- AVAILABLE RECORDS -
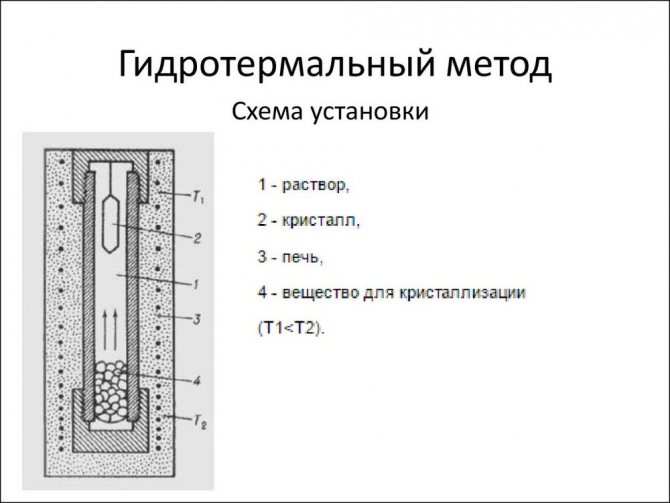 Гидротермальный метод имитирует природные условия, в которых взращивается камень, но он ускоряет все процессы. Если в естественной среде самоцвет образуется за 1-2 мл лет, в лаборатории его вырастят за 4 недели.
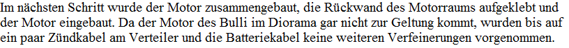 Hier sollte der Samba-Bulli Ersteinmahl zum Abschluss kommen. Die weitere Ausschmückung des Fahrzeugs soll mit der Fertigstellung des Verkaufsstandes auf dem Diorama einhergehen.
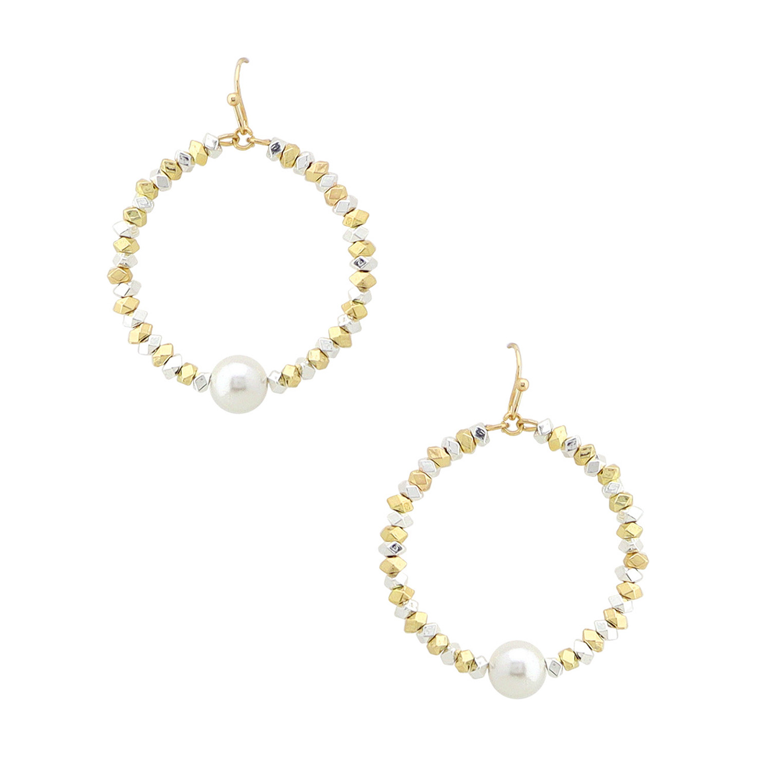 PEARL BEAD METAL BEAD DANGLE EARRING
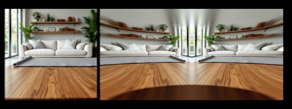 A close-up shot of the wooden coffee table with a grey linen place mat on it, in front of a white sofa and shelves with books and plants. The focus is on the detailed texture of the wood grain and fabric, set against soft natural light creating gentle shadows. A blurred background reveals an open space filled with greenery and sunlight streaming through large windows. This composition creates a serene atmosphere perfect for home decor photography, highlighting both wood and fabric textures in the style of minimalist interior photography.
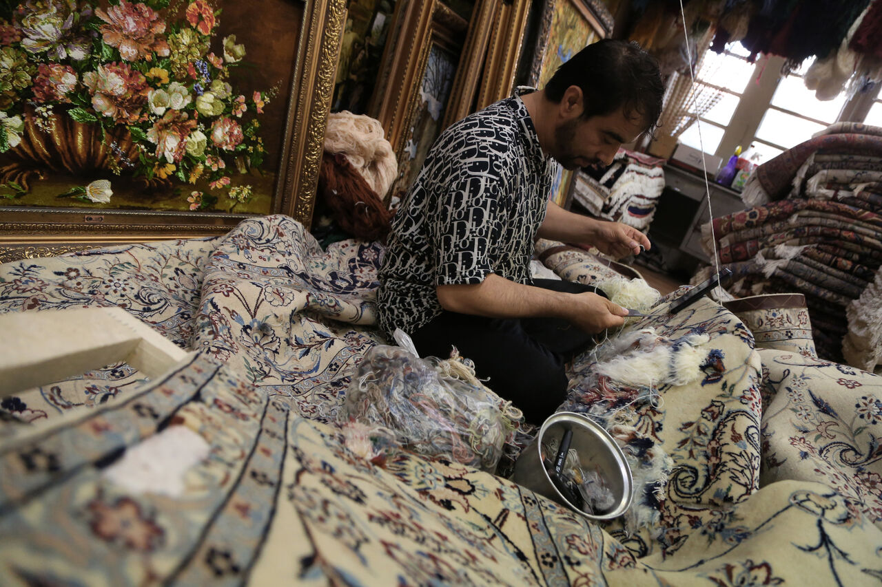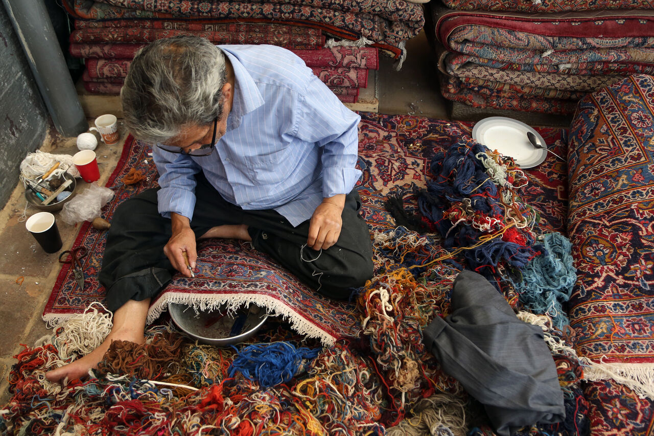 Başkent Tahran’daki Büyük Çarşı’nın labirentimsi arka sokaklarında bulunan iş hanlarında yer bulabilen halı tamircileri ise hem ekonomik kaybın önüne geçiyor hem bir hatıranın ömrüne ömür katıyor.

- HOW TO COMPLETE THIS TASK -
Output the data above exactly, beginning at its first line and ending with the line that holds "PEARL BEAD METAL BEAD DANGLE EARRING". Leave out the pictures and add nothing.

- FINISHED TASK -
 Гидротермальный метод имитирует природные условия, в которых взращивается камень, но он ускоряет все процессы. Если в естественной среде самоцвет образуется за 1-2 мл лет, в лаборатории его вырастят за 4 недели.
 Hier sollte der Samba-Bulli Ersteinmahl zum Abschluss kommen. Die weitere Ausschmückung des Fahrzeugs soll mit der Fertigstellung des Verkaufsstandes auf dem Diorama einhergehen.
 PEARL BEAD METAL BEAD DANGLE EARRING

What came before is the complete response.